Moulin Rouge! The Musical is the stage adaptation of the 2001 film by Baz Luhrmann. The film is a favorite of mine and so with that in mind I was both excited and anxious to see this production. There are changes, addition and deletions. Most everything that was new I enjoyed, most of what was omitted I missed. The good news is that you are having such a good time that it isn’t until the walk to the car that you lament that they cut “Like a Virgin” and “One Day I’ll Fly away“. What you ask, could distract you from a missing Madonna song? Probably the most technically elaborate and beautiful production I’ve ever seen. From the moment you enter the theatre you know you are looking at a very expensive production. Before the performance even begins you are blown over by the beauty of the production design. Well at that point, you ain’t seen nothin yet! It makes sense that one of the most visually splendid movies since the turn of the century would also produce an equally spectacular stage adaptation. But underneath all the shine and glitter it is still a story about truth, beauty, freedom, and above all things a story about love.
The story follows Christian an american songwriter who has just arrived in paris. Within hours of his arrival he meets the artist Toulouse-Lautrec and his Argentinian friend Santiago whom he overhears trying to write a song. When he dazzles them with his lyrics they enlist him to pitch his songs to the star of the Moulin Rouge, Satine. If she likes his songs she well help convince the owner of the Moulin Rouge, Harold Zidler to produce the trio’s musical. They go to the Moulin Rouge where Satine mistakes Christian for the Duke she is trying to seduce so he will help Zidler financially, and perhaps elevate her in the world as well. Alone with Christian in her dressing room they fall in love with each other as he sings his song for her. Right before the Duke and Zidler arrive, the mix-up is discovered and to cover his presence, as well as that of Toulouse and Santiago, they convince the Duke that they are there to pitch him on the idea for their musical in hopes that he will finance it. He agrees but in exchange for his financial assistance he wants to own everything, particularly Satine. As the show is being rehearsed Christian and Satine carry on a secret love affair, but the Duke will not be fooled forever.
The songs within the show come from popular music, much of what we hear is new, songs that have come out since the film from artists as varied as Lady Gaga and Fun. But even the songs from the movie like the “Elephant Love Medley” and “Sparkling Diamonds” have additions that enlarge the smile already breaking across your face. Most of the newer music has saturated the popular culture enough that even I have heard of it. But there were a couple of additions that were not familiar such as the mashup of “Crazy” by Gnarls Barkley and “Rolling in the Deep” by Adele, but I’m certain I’m in the small minority on that front. That said even the musical moments that didn’t ring a bell worked within the story. I was always amazed at the perfection in blending lyrics from different songs into one that Luhrmann achieved in his film. The show carries on that tradition with nearly the same level of success.

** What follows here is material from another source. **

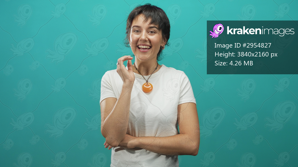 Woman clasping hands and smiling with orange pendant on white tshirt in studio teal backdrop; playful storytelling.

The additional material helps give the show a freshness and probably increases its accessibility to younger theatergoers who were either small children or unborn at the time of the films release. Hand in hand with the music goes the choreography by Sonya Tayeh which is stunningly good.
Speaking of stunningly good, the cast is just that. Top of the list is Conor Ryan, who showed incredibly range and gave a dynamic performance. One of the small issues I had with the production was that I felt his character went a little dark for too long towards the end of the show. But even in those instances when I felt the writing let him down, he didn’t let the writing down. Courtney Reed was good as Satine, though it felt like the songs were at times stretching her range a smidge. Austin Durant as Zidler was an audience favorite he was the perfect ringmaster for this group of bohemians. Andre ward’s Toulouse-Lautrec wisely chose not to attempt to mimic Lautrec’s diminutive stature, that would have been too restrictive. Ward adds a nice energy as the would be leader of the children of the revolution, adding a lot of humor in the conflict with the Duke over the content of the musical. A big round of applause to all the performers, their voices and movement were all integral to creating this breathtaking experience.
The highest of praise goes to the technical teams on this show starting with the set design by Derek McLane. The shows sets from the streets of Paris to the Moulin Rouge and Satine’s dressing room are gorgeous. The highpoint being the elephant Love Medley where we move from Satine’s dressing room to the clouds above Paris and the Eiffel Tower. Working in close synchronization is the spectacular lighting design and effects by Justin Townsend. Sometimes the lighting can go unnoticed if it’s done well with Moulin Rouge there is no way not to take note of the lighting because it is very showy but also perfect for this show. Costume design by Catherine Zuber is also a easily overlooked category, but again in this case they costume are so bold and beautiful that they cannot help but be noticed and admired. This is a rare show that wows us on every single element of the production.